A fine of 36,000 euros. It is the sentence you have requested the Prosecutor’s Office of Málaga for Fernando Francés and Franck Anthony Slama – urban artist known as Invader – for a continuing crime against historical heritageor. The prosecutor considers that it was French, former director of the Center for Contemporary Art (CAC) of Malaga and former Secretary General of Cultural Innovation and Museums of the Junta de Andalucía, who made the proposal, supported and programmed the artistic intervention. A work that included the placement of about thirty works, 15 of them in buildings in the historic center of Malaga, without the consent of the owners. For all of this – and as the Cadena Ser has advanced – the prosecutor requests a fine of 36,000 euros for each of those involved in the alleged crime, as well as paying the expenses of the withdrawal of the mosaics.
The judicial procedure started in spring and 2017, when the Bishopric of Malaga protested for the placement of one of the works – a flamenco made with tiles that simulated pixels – on one of the facades of the Episcopal Palace, a building classified as a Site of Cultural Interest. The Prosecutor’s Office of Malaga was then filed against Fernando Francés, whom he considered as the intellectual author of the intervention, and Invader, alleged material author. Owners of the 15 properties located in the historic center included in the complaint – including the Bishopric and the City of Malaga – said then that no one had asked for permission.

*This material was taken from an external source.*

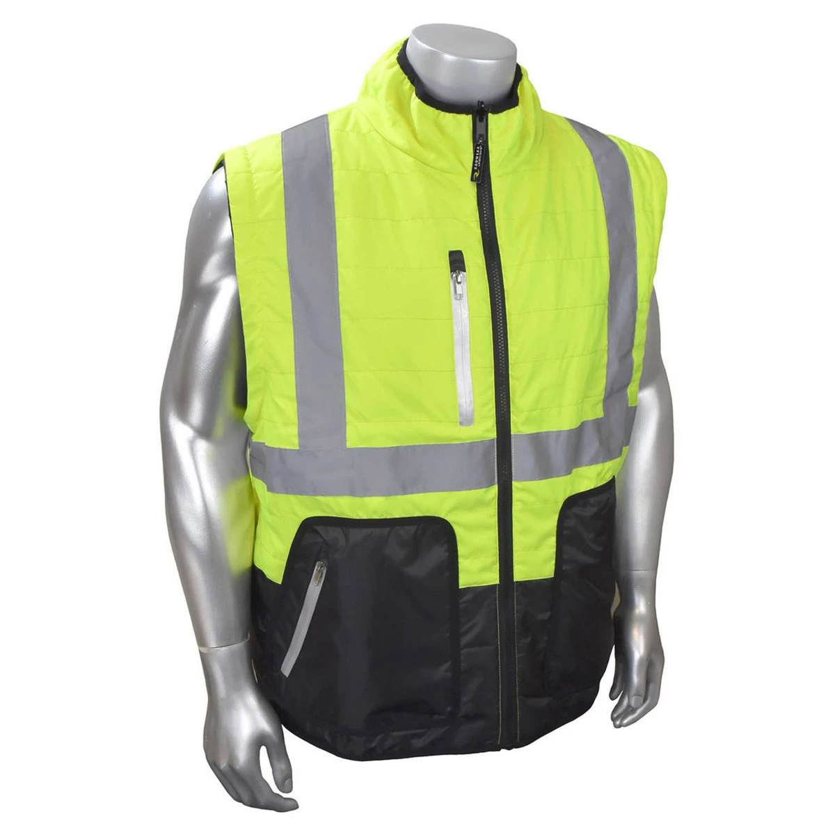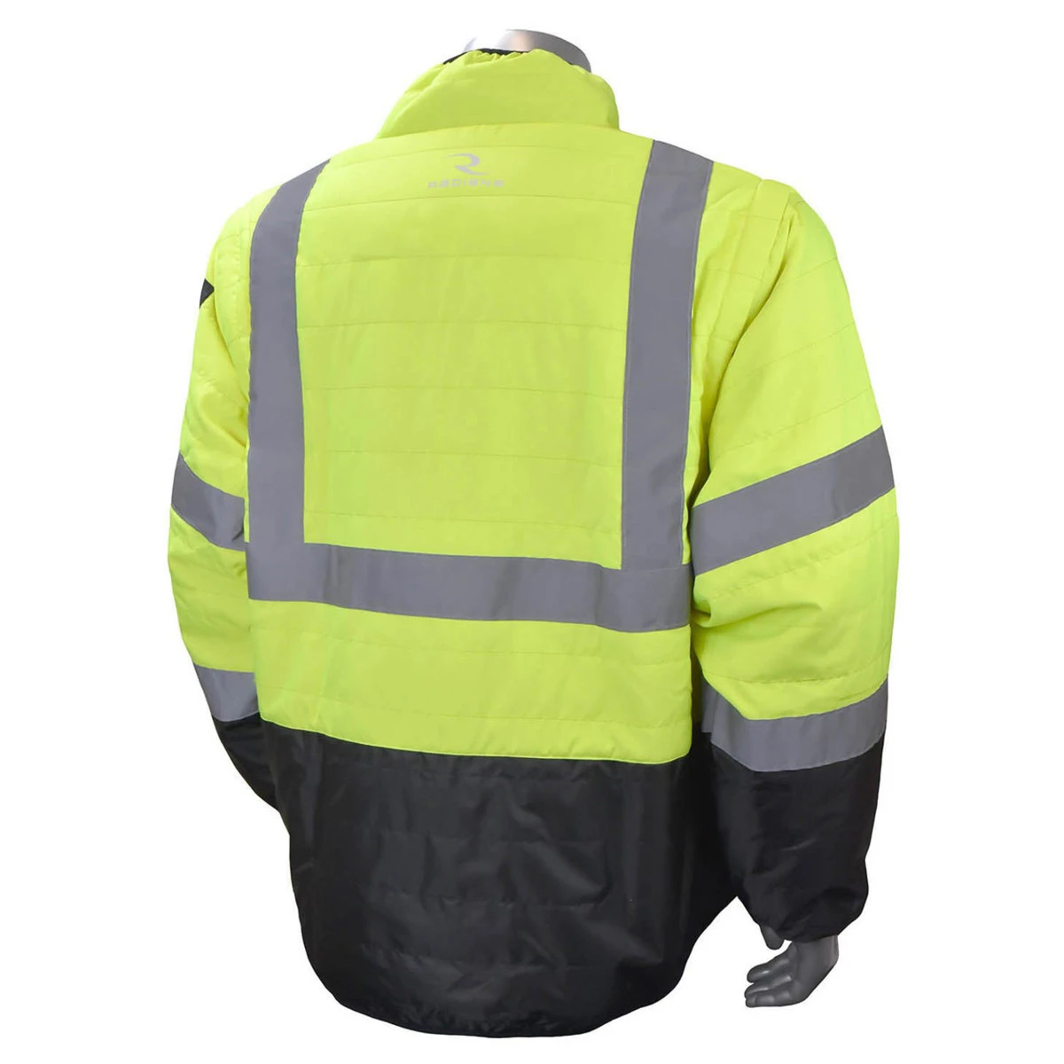 The Radians Quilted Reversible Jacket w/ Zip-Off Sleeves – SJ510-3ZGS is an all purpose, 4 in 1 vest/jacket hybrid. Zip off the sleeves when its warmer or keep them on for enduring the cold. It is made of quilted polyfil ripstop with heavy duty zippers for durability. You can choose to wear the high visibility yellow side or the charcoal grey side, both having multiple pockets for storage.

Fernando Francés has always denied his relationship with the facts. In his statement he said he did not know who was hiding behind the nickname of Invader. He explained that when he was director of the CAC Málaga – center of the Malaga City Council, but privately managed – he did get to try it so that he could participate in the Malaga Urban Art Soho festival, “but as it was suspended, nothing was done,” he said to THE COUNTRY. However, the artist presented several emails among his work teams to demonstrate that the intervention was concerted.
For all this, the investigation carried out by the court of Instruction number 6 of Malaga He considered that there was a relationship between them, that they had seen each other in Paris and Malaga and that they even had lunch and dinner together between May 15 and 24, 2017. It was in those days that the urban artist placed the 15 mosaics included in the cause helped by unidentified people. Hence, he will be investigated with French for alleged damage to the historical heritage.

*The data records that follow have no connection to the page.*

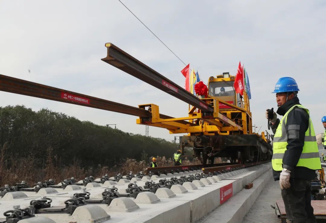 12月26日,上海市域铁路机场联络线轨道铺设项目迎来了新进展。随着铺轨牵引车引导的2根500米长钢轨缓缓落入扣件承轨台,标志着轨道工程进入了长钢轨铺设阶段。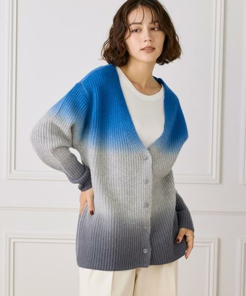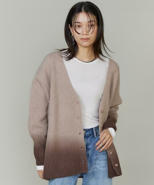特殊な染色技術によって美しいグラデーションが表現されているので一枚で華やかさがあるカーディガンです。リブ編の凹凸感がグラデーションの色合いに奥行と立体感を生み出してくれるので表情豊かなカーディガン。Vネックなので顔周りをシャープな印象に見せてくれます。インナーにタートルネックやシャツなどを合わせたレイヤードスタイルを楽しめる一着です。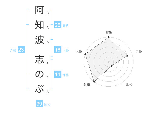 阿知波 志のぶさんを姓名の画数から五運を鑑定

In addition, now the Office of the Prosecutor also seeks compensation from the owners of the buildings, because it considers that the original facades where the mosaics were included – among them that of the Salinas Palace, also of Cultural Interest – have been altered and damaged. According to his story, the tiles were glued together by a kind of plastic resin and the fixing to the wall was done with a silicone with cement. A report from the Civil Guard reflects that on the facades where the mosaics have already been removed there are damages, “with the consequent economic damage to the owners of the buildings.”